Measurement of surface roughness (Table 2) indicated alterations in the first order surface of the cell, relating to the cells macro parameters, as is also seen in the macro parameter measurements, the roughness of the second order surface is also decreased in diabetic patients, indicating alterations in the cytoskeletal matrix and the connections between band 3 and 4 proteins and the matrix. A decrease in roughness measurements in the third order surface indicates superficial protein structure rearrangement. This correlates well with the SEM visual analysis, where the diabetes RBCs visibly appear smoother to that of the healthy RBCs (Figure 1 and 2).

It has been found that the cytoskeletal proteins of RBCs from diabetic patients are heavily glycosylated and that spectrin is oxidatively damaged [14]; also several lipids (free cholesterol, sphingomeyelin and phosphatidylcholine) on the outer surface of the phospholipid bilayer is significantly decreased [15, 16]. This directly correlates with the ultrastructural roughness results seen by the AFM of the second and third order respectively.

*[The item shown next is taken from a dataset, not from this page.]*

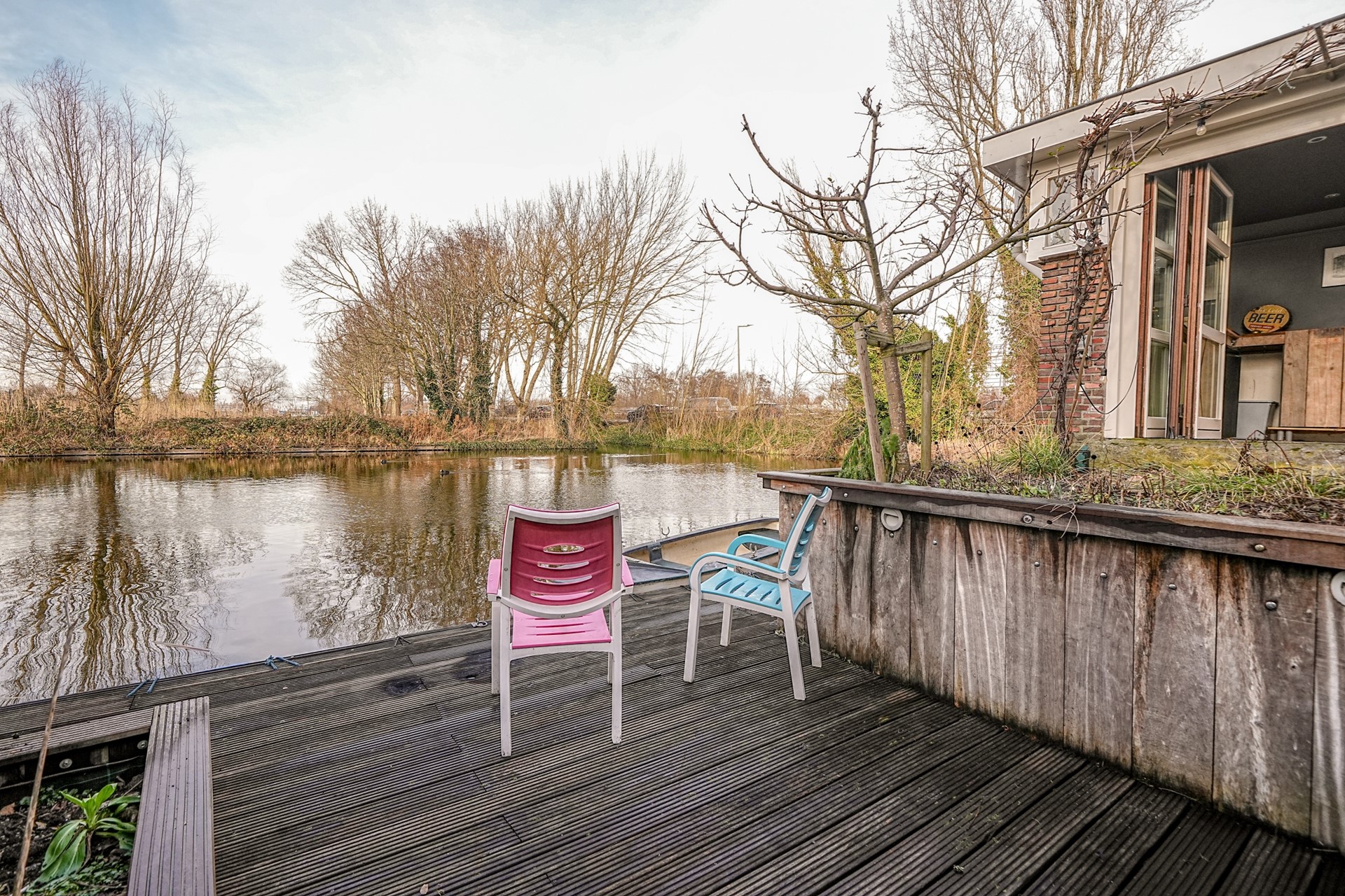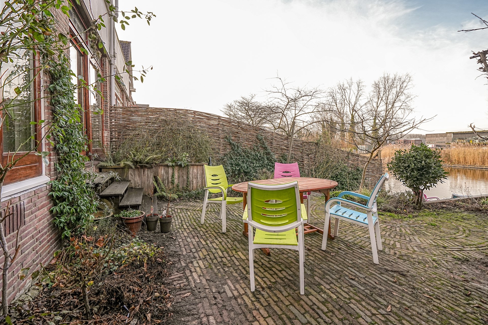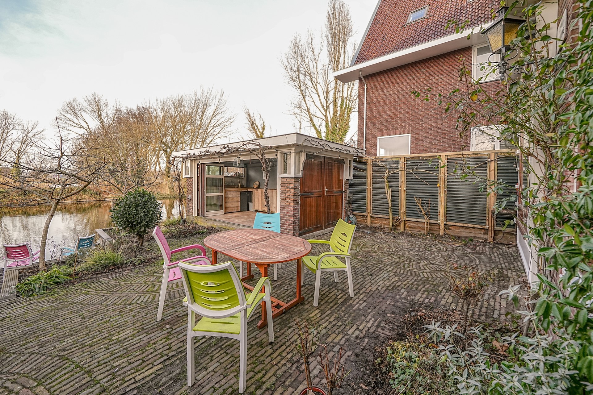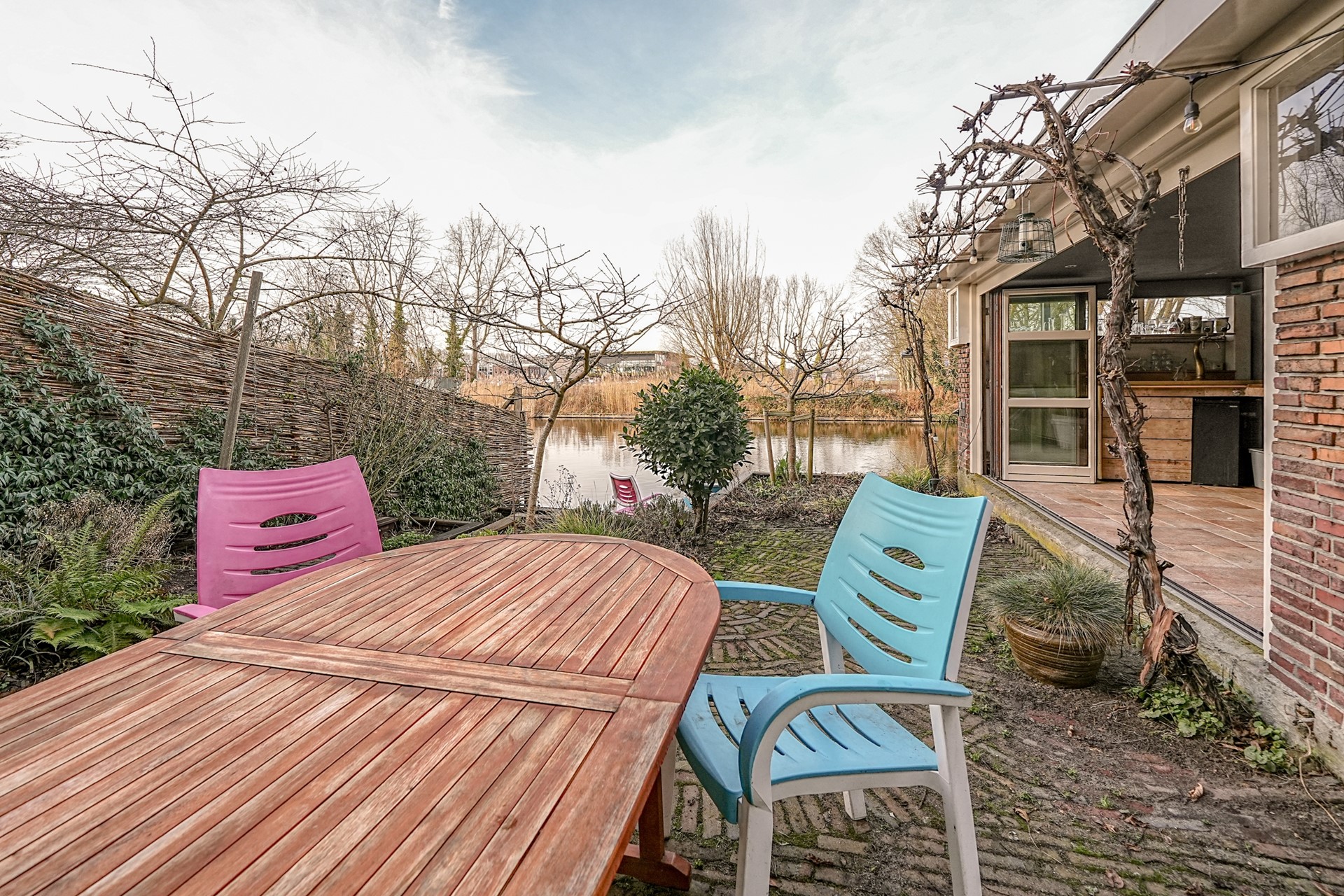 De achtertuin is een heerlijke plek: ruim, groen en direct gelegen aan het water. Er zijn meerdere zitplekken om optimaal van het buitenleven te genieten. Door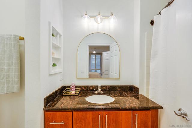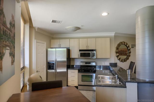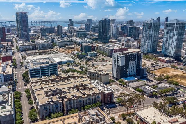 Welcome to Union Square at Broadway, a VA approved community, where comfort, style, and city convenience come together in this updated 2-bedroom, 2-bath residence. This home features a highly desirable split floor plan that ensures privacy and versatility, perfect for accommodating roommates, guests, or a dedicated home office. The interior has been upgraded with luxury vinyl plank flooring (2024), recessed lighting (2024), and a Nest smart home thermostat. The open concept living area offers direct access to a private patio, and with no neighbors on either side, provides a rare level of privacy for downtown condo living. Located in the heart of downtown, this home boasts a Walk Score over 90 and is directly across from San Diego City College with easy access to freeways 163, 5, and 94. Just two blocks away, the highly anticipated East Village Green park is under construction and will feature expansive green space, a community center, dog parks, cafés, and more. Union Square residents enjoy amenities including a fitness center with sauna and jacuzzi, BBQ areas, EV charging stations, a community room, and onsite management, along with community events throughout the year. Don’t miss this opportunity to own a move-in-ready home in one of downtown San Diego’s most dynamic neighborhoods.

We conclude by suggesting that the combined AFM and SEM analyses of RBCs might give valuable information about the disease status of patients with diabetes. The ultrastructural changes discussed here are not visible using a traditional light microscope. We believe that ultrastructural analysis of RBCs in inflammatory diseases can no longer be ignored and should form a fundamental research tool in clinical studies. Efficacy of treatment regimes on the integrity, cell shape and roughness and health status of RBCs may be tracked, as this cell’s health status is crucial to the overall wellness of the diabetic patient.

Ethical approval disclosure

Ethical approval was granted at the University of Pretoria (HUMAN ETHICS COMMITTEE: FACULTY OF HEALTH SCIENCES) under the name of E Pretorius (corresponding author). All human blood samples obtained were analyzed at the University of Pretoria and all participants filled in informed consent forms.